On our own, and with the Canadian Environmental Network’s Environmental Planning and Assessment Caucus, MiningWatch has been working with environmental law specialists and environmental groups across the country to critique the government’s proposals, but also to bring forward more constructive proposals for an EA regime that would actually work. We’ve helped ensure that other environmental groups, and civil society groups of all descriptions, have access to the analysis and documentation they need so they can inform and mobilise their members. The “Save Canada’s Environmental Laws!” web site and social media campaign are part of that. We’ve pushed on every available opening in Parliament, and helped other groups to do the same. Leadnow.ca joined in to send messages to the government and to individual MPs. We’ve mobilised people to talk to their MPs and to pressure the government to drop this ill-advised initiative. In response to our urging, larger environmental and conservation groups launched the Black Out Speak Out campaign; we joined them on June 4th in blacking out our web site and directing people to the Black Out Speak Out site where they can learn more and take action.
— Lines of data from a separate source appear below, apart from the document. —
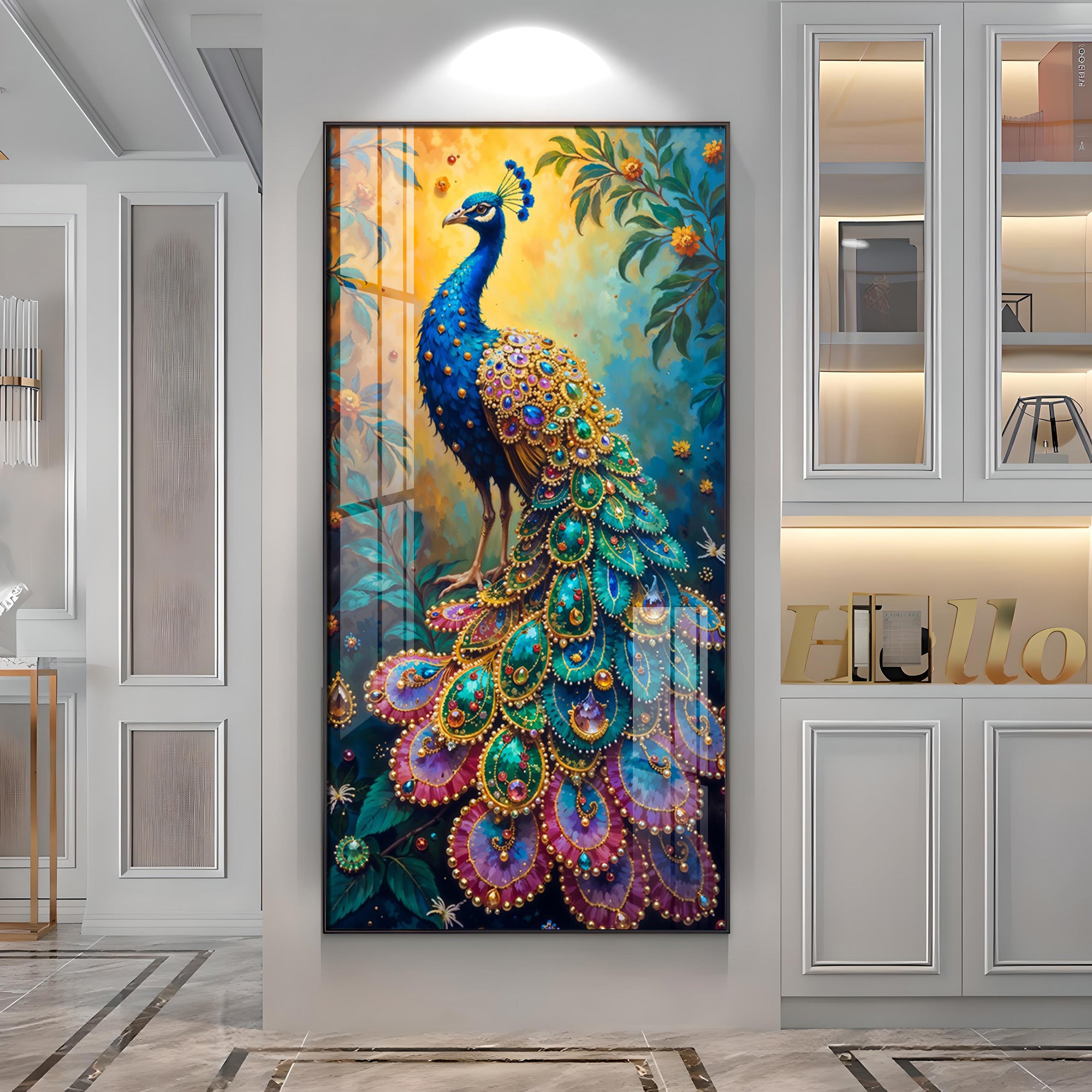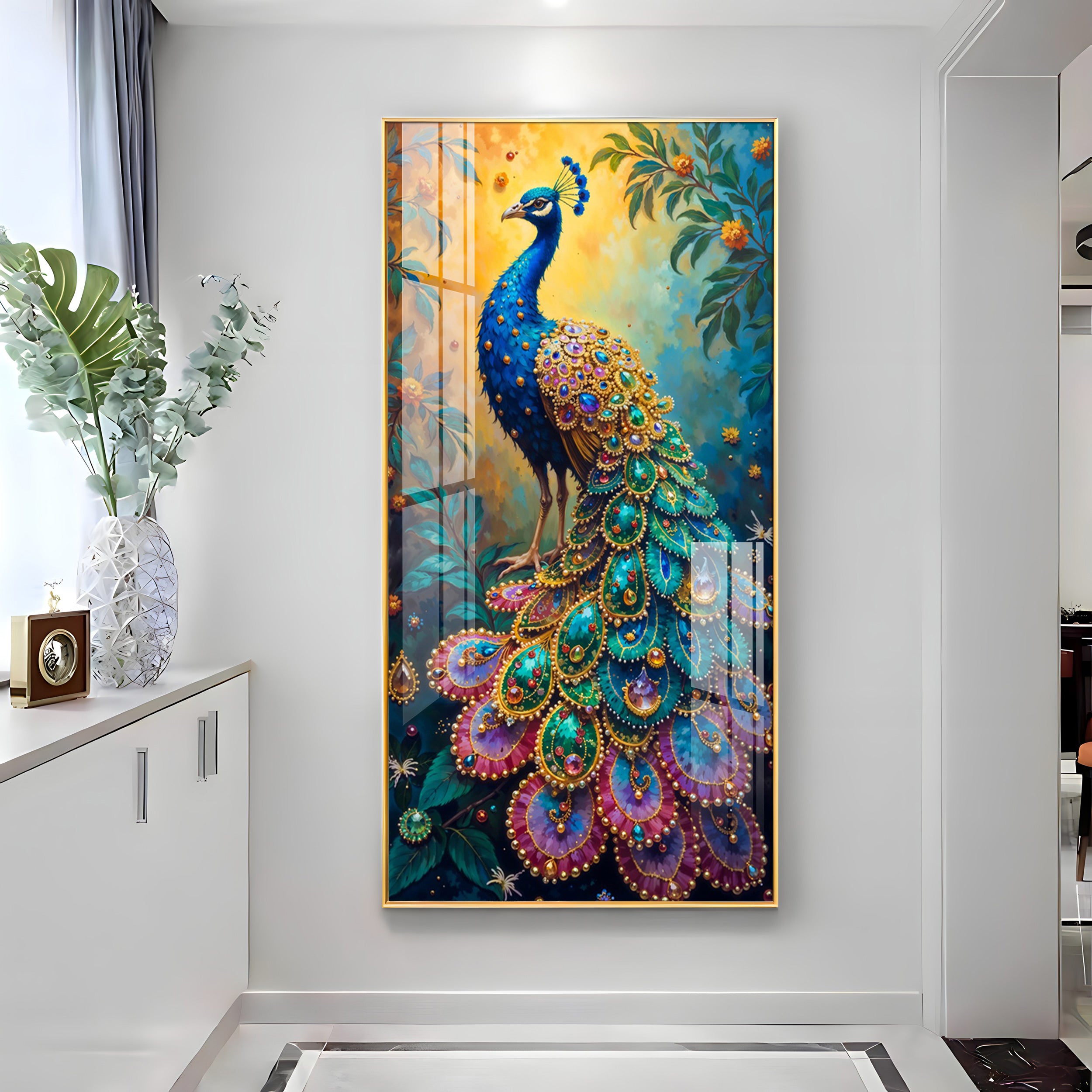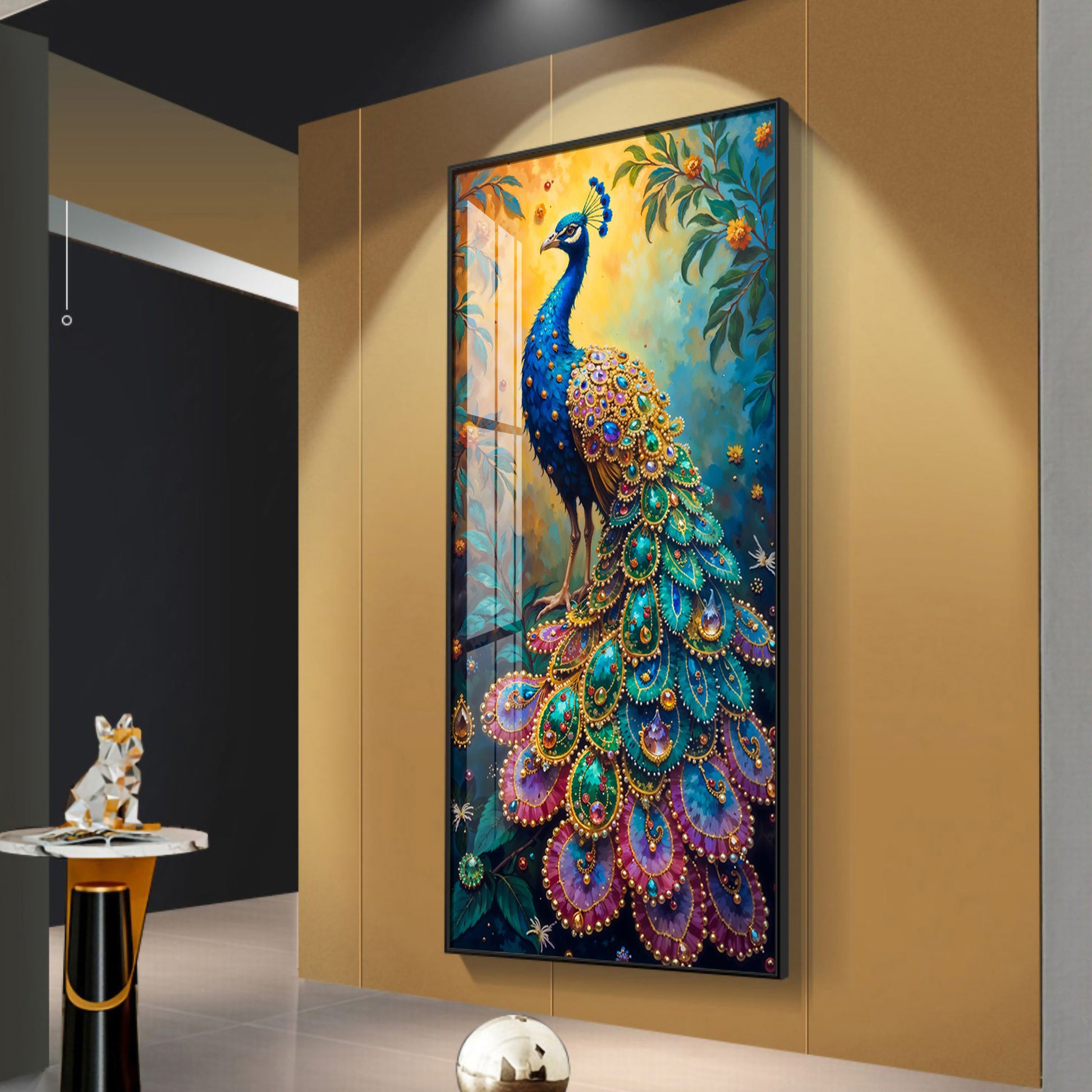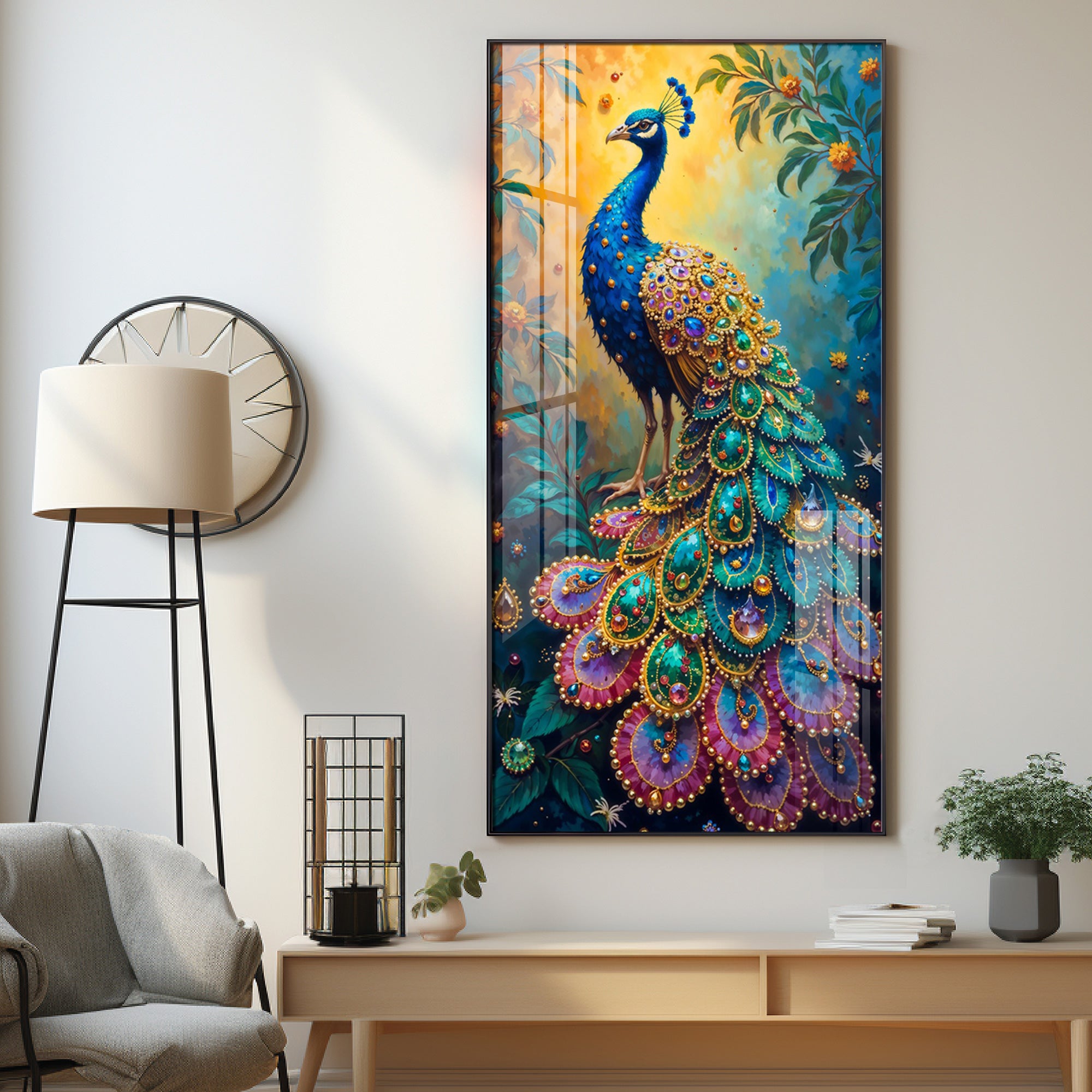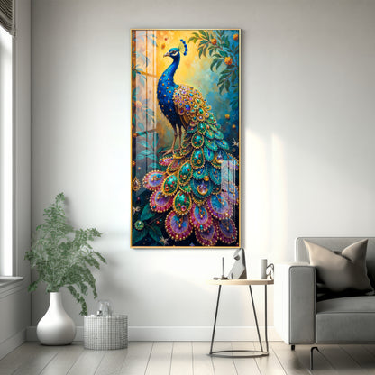 Peacock In Sunrise Premium Acrylic Vertical Wall Art
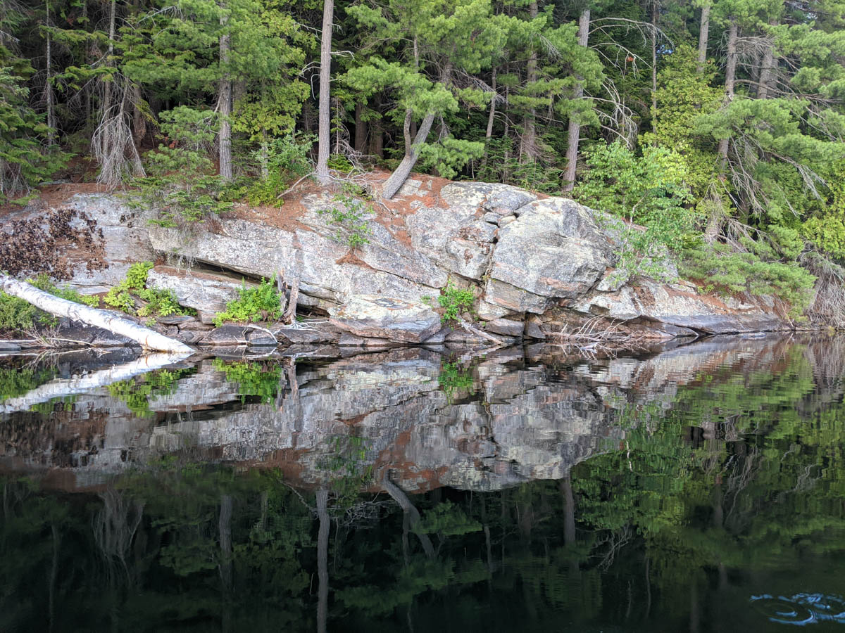 After supper I tried to do some fishing, but was unsuccessful, so I sat by the lake watching the beautiful sky slowly transition. The water was calm so we decided to head out for an evening paddle to check out the portage and the site at the north end of the lake. Well, this is where we should have camped. This site had a nice rock shoreline, plus two places to set up a tent. The only downside was the swimming was not as nice. No worries as we thought our site was the perfect location for us and the view of it from the water proved that.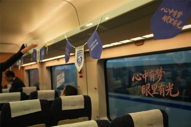车站为球迷朋友们开设了专属蓝色通道,车厢更是变成“移动主场”:窗贴、盾形吊旗、“心中有梦,眼里有光”的口号随列车一起出发,引得球迷们频频拍照打卡。

The government has expressed no interest in undertaking meaningful consultations towards a real reform of CEAA.

More importantly, we are getting the word out that Indigenous and non-Indigenous communities alike must be aware that their concerns will not be heard and their interests will not be protected under the new system, even to the limited extent that they were before. We will have a lot of work to do to prevent badly-planned megaprojects from destroying a lot more watersheds, communities, and livelihoods.